ENTRIES SHOWN: Begin
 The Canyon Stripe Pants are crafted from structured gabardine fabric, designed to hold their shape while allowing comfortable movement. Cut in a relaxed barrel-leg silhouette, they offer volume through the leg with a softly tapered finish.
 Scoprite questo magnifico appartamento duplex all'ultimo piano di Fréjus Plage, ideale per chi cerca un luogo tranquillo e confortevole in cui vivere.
ENTRIES SHOWN: End
ENTRIES SHOWN: Begin
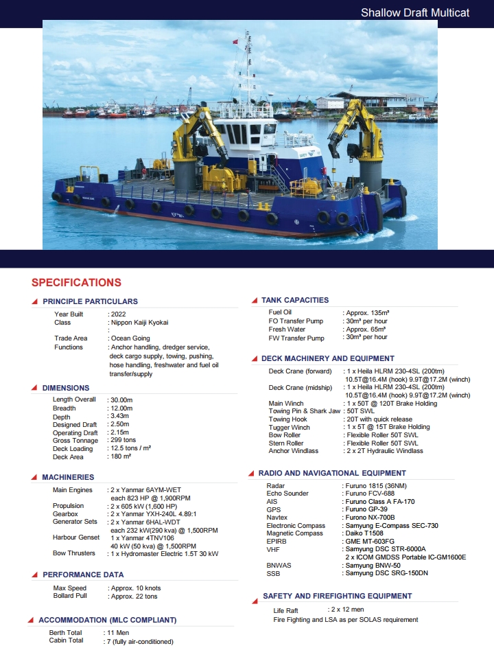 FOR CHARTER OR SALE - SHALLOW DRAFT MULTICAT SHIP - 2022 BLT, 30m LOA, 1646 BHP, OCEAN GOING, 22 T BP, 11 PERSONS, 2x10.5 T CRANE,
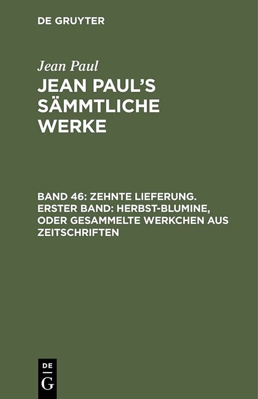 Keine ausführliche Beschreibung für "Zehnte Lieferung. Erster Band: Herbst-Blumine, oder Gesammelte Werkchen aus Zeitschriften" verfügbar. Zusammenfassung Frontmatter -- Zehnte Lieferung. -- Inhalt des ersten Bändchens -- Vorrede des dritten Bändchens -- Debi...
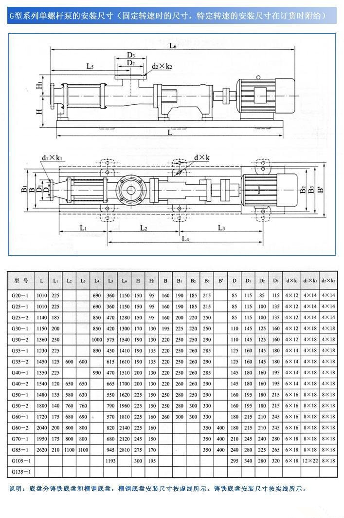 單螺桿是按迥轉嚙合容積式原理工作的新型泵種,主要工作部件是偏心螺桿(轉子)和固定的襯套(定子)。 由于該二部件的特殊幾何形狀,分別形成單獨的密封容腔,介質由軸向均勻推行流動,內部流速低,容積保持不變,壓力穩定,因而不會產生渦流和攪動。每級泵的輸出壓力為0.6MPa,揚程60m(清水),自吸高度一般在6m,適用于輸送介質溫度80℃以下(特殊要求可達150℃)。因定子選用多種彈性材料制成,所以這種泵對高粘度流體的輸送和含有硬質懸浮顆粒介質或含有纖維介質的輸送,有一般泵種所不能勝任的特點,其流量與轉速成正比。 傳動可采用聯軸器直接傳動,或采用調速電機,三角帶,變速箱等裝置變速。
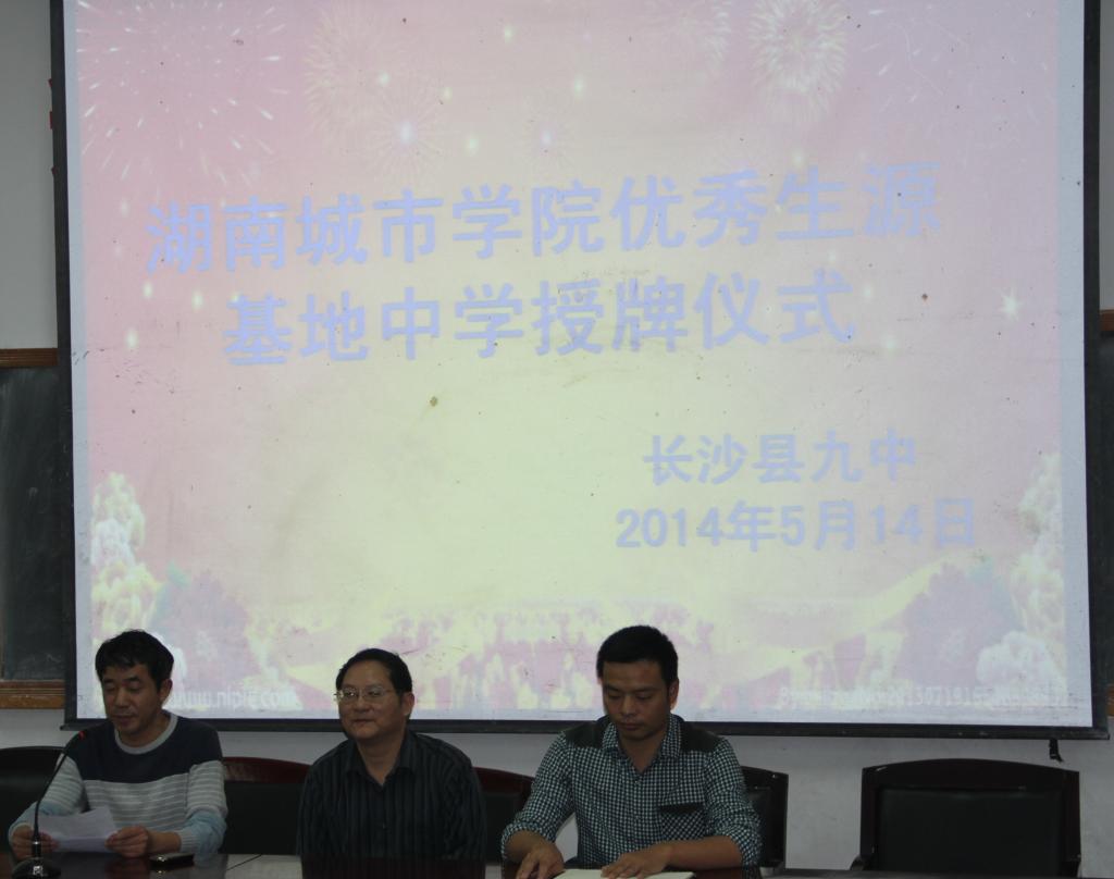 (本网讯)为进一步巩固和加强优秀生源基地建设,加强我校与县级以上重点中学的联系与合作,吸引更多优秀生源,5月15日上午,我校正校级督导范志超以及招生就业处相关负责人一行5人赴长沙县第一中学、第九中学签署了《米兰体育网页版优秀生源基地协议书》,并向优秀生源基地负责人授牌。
ENTRIES SHOWN: End
YOUR GOAL: Working from the entries above, please transcribe only the lines from the line with "Keine ausführliche Beschreibung" through the line with "(本网讯)为进一步巩固和加强", exactly, with both end lines and without pictures.

EXERCISE SOLUTION:
 Keine ausführliche Beschreibung für "Zehnte Lieferung. Erster Band: Herbst-Blumine, oder Gesammelte Werkchen aus Zeitschriften" verfügbar. Zusammenfassung Frontmatter -- Zehnte Lieferung. -- Inhalt des ersten Bändchens -- Vorrede des dritten Bändchens -- Debi...
 單螺桿是按迥轉嚙合容積式原理工作的新型泵種,主要工作部件是偏心螺桿(轉子)和固定的襯套(定子)。 由于該二部件的特殊幾何形狀,分別形成單獨的密封容腔,介質由軸向均勻推行流動,內部流速低,容積保持不變,壓力穩定,因而不會產生渦流和攪動。每級泵的輸出壓力為0.6MPa,揚程60m(清水),自吸高度一般在6m,適用于輸送介質溫度80℃以下(特殊要求可達150℃)。因定子選用多種彈性材料制成,所以這種泵對高粘度流體的輸送和含有硬質懸浮顆粒介質或含有纖維介質的輸送,有一般泵種所不能勝任的特點,其流量與轉速成正比。 傳動可采用聯軸器直接傳動,或采用調速電機,三角帶,變速箱等裝置變速。
 (本网讯)为进一步巩固和加强优秀生源基地建设,加强我校与县级以上重点中学的联系与合作,吸引更多优秀生源,5月15日上午,我校正校级督导范志超以及招生就业处相关负责人一行5人赴长沙县第一中学、第九中学签署了《米兰体育网页版优秀生源基地协议书》,并向优秀生源基地负责人授牌。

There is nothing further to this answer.